All of the listing should be returned as written, apart from any picture in it.

Segment Start: Provided material

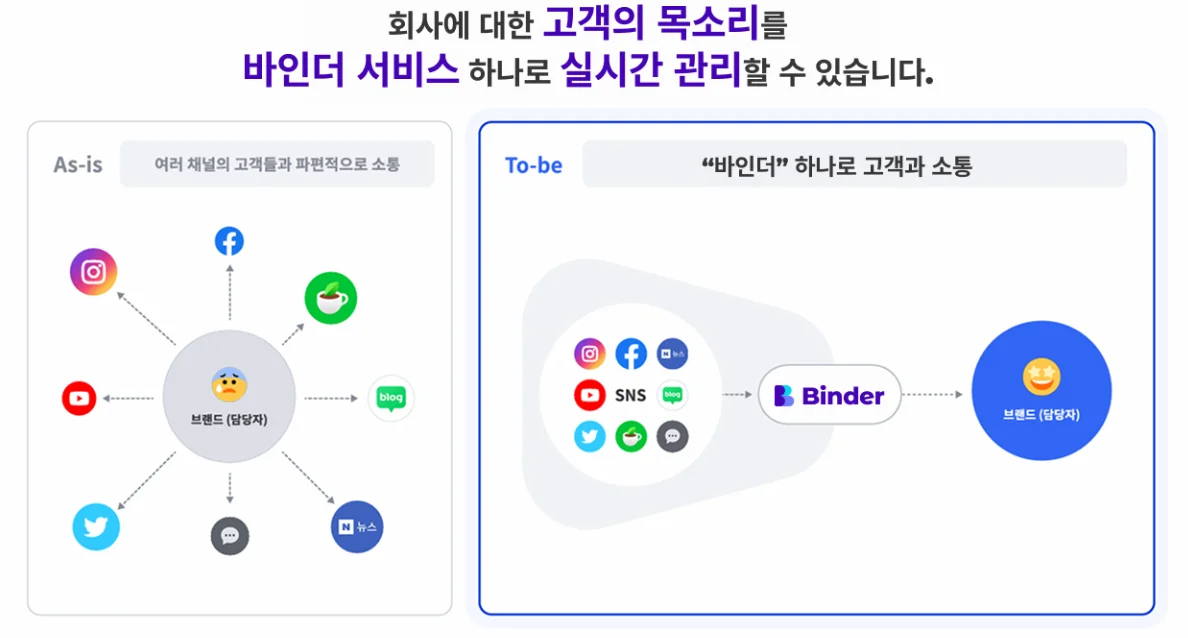 바인더는 산업과 규모를 막론하고 다양한 기업이 도입하여, VOC(고객 목소리) 관리와 고객 경험 혁신을 이루고 있습니다.
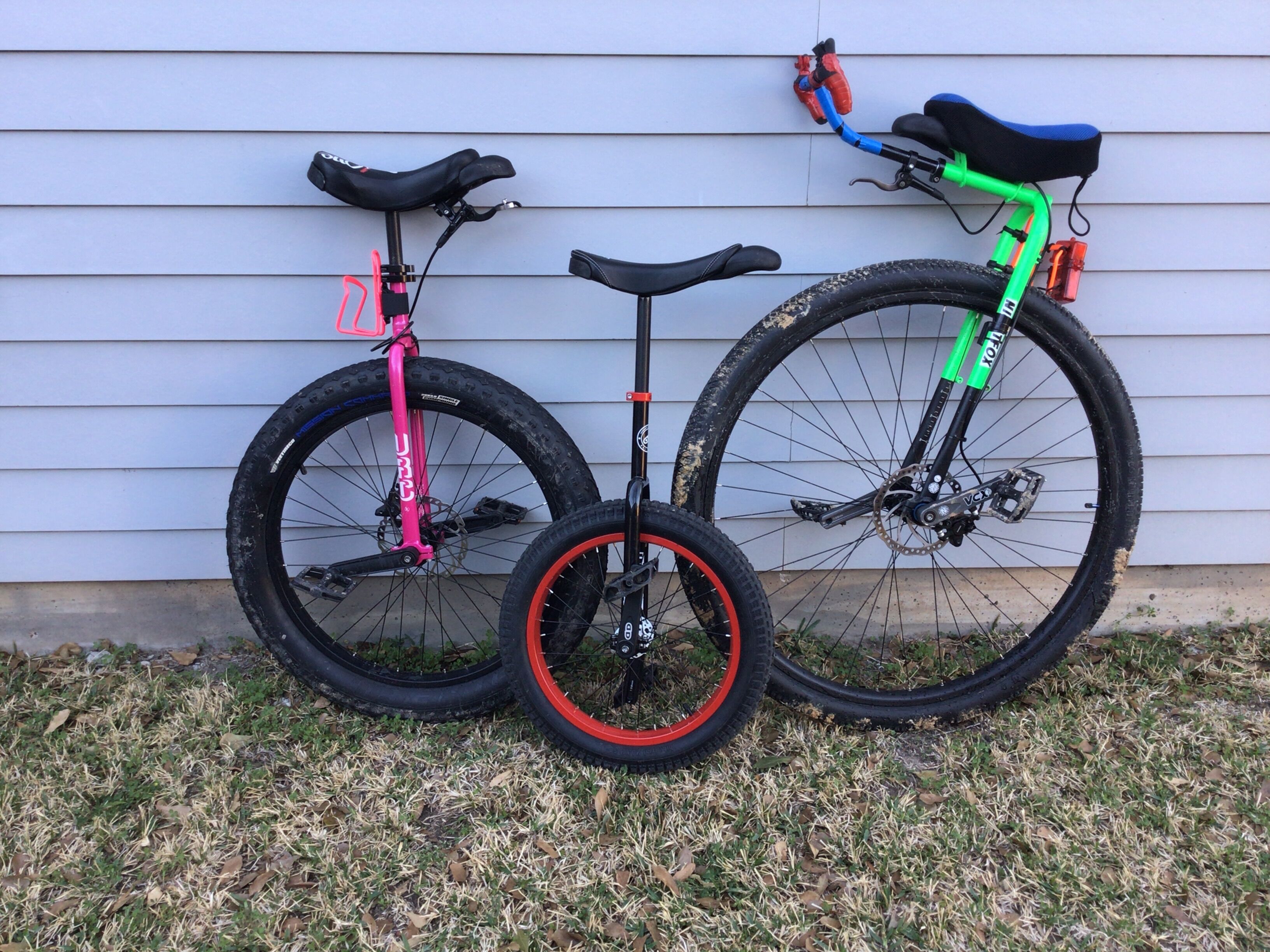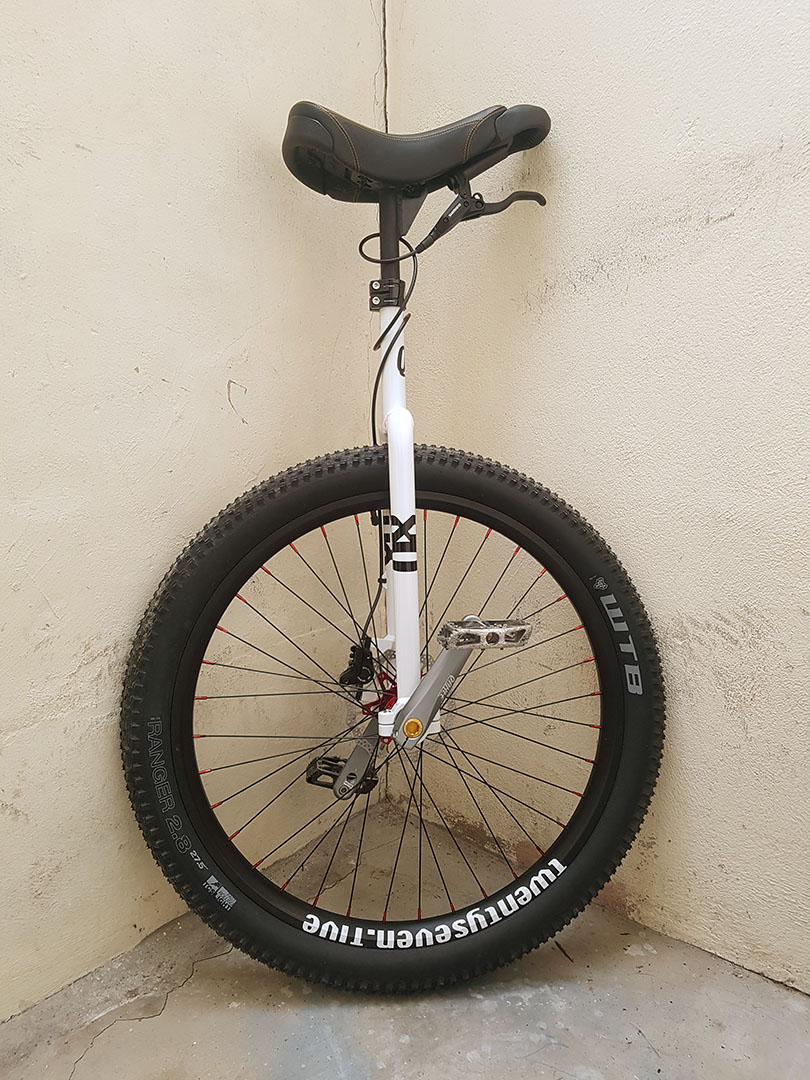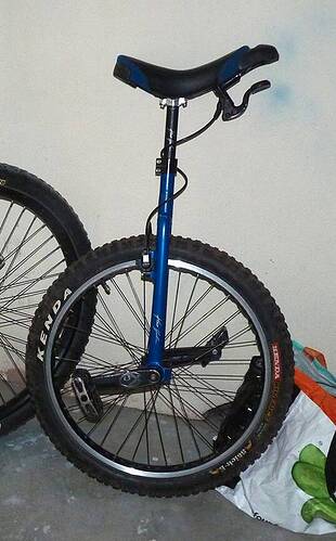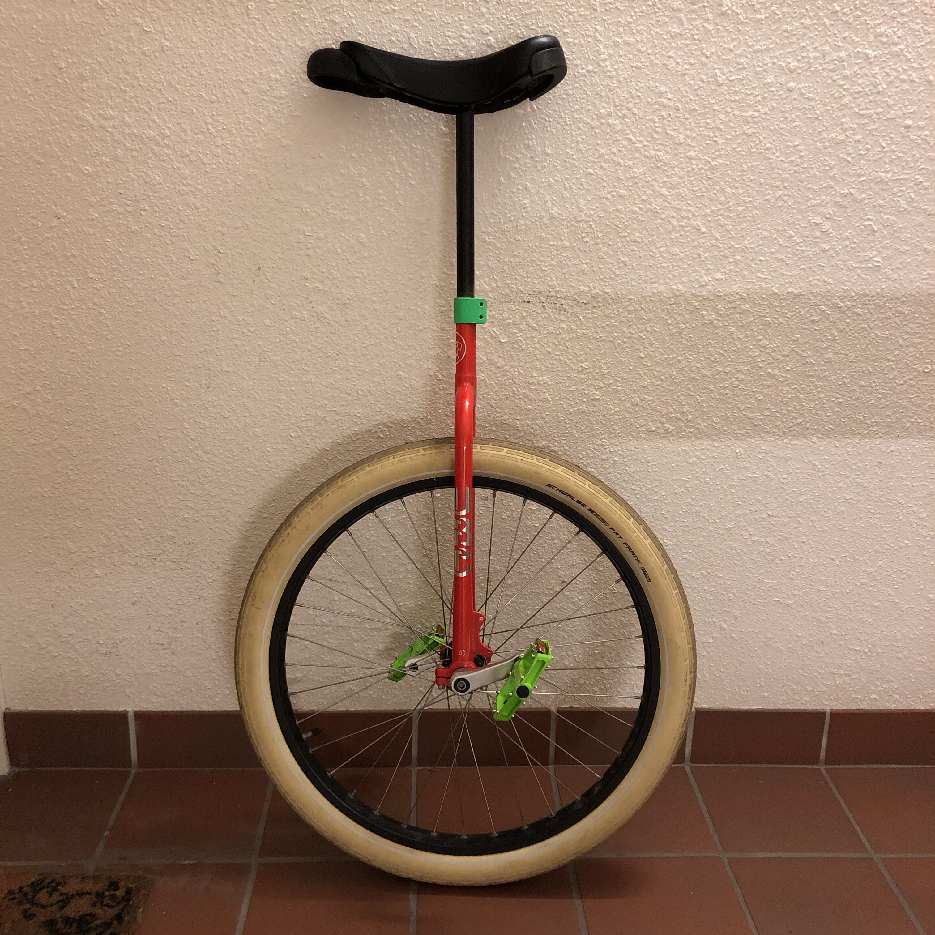 I have seen threads like this in the past but nothing recent. Take a picture of one (or more!) of your currently used unicycles and post a picture, so we can see the range of what unicycles look like these days. Maybe talk a little bit about the parts. I can start.
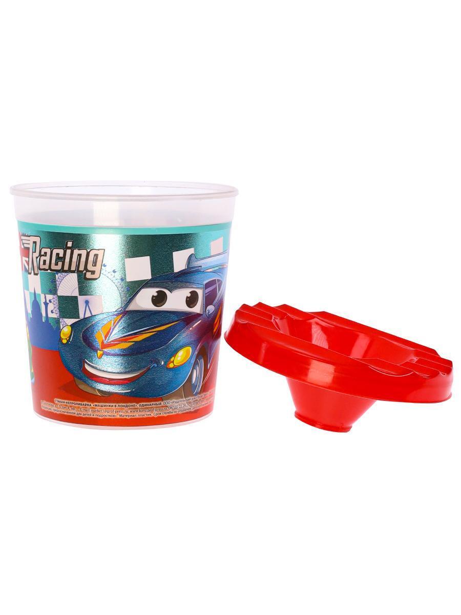 Стакан-непроливайка детский 'Машинки в Лондоне', пластик, светло-голубой/красный

Segment End: Provided material

Expected output:
 바인더는 산업과 규모를 막론하고 다양한 기업이 도입하여, VOC(고객 목소리) 관리와 고객 경험 혁신을 이루고 있습니다.
 I have seen threads like this in the past but nothing recent. Take a picture of one (or more!) of your currently used unicycles and post a picture, so we can see the range of what unicycles look like these days. Maybe talk a little bit about the parts. I can start.
 Стакан-непроливайка детский 'Машинки в Лондоне', пластик, светло-голубой/красный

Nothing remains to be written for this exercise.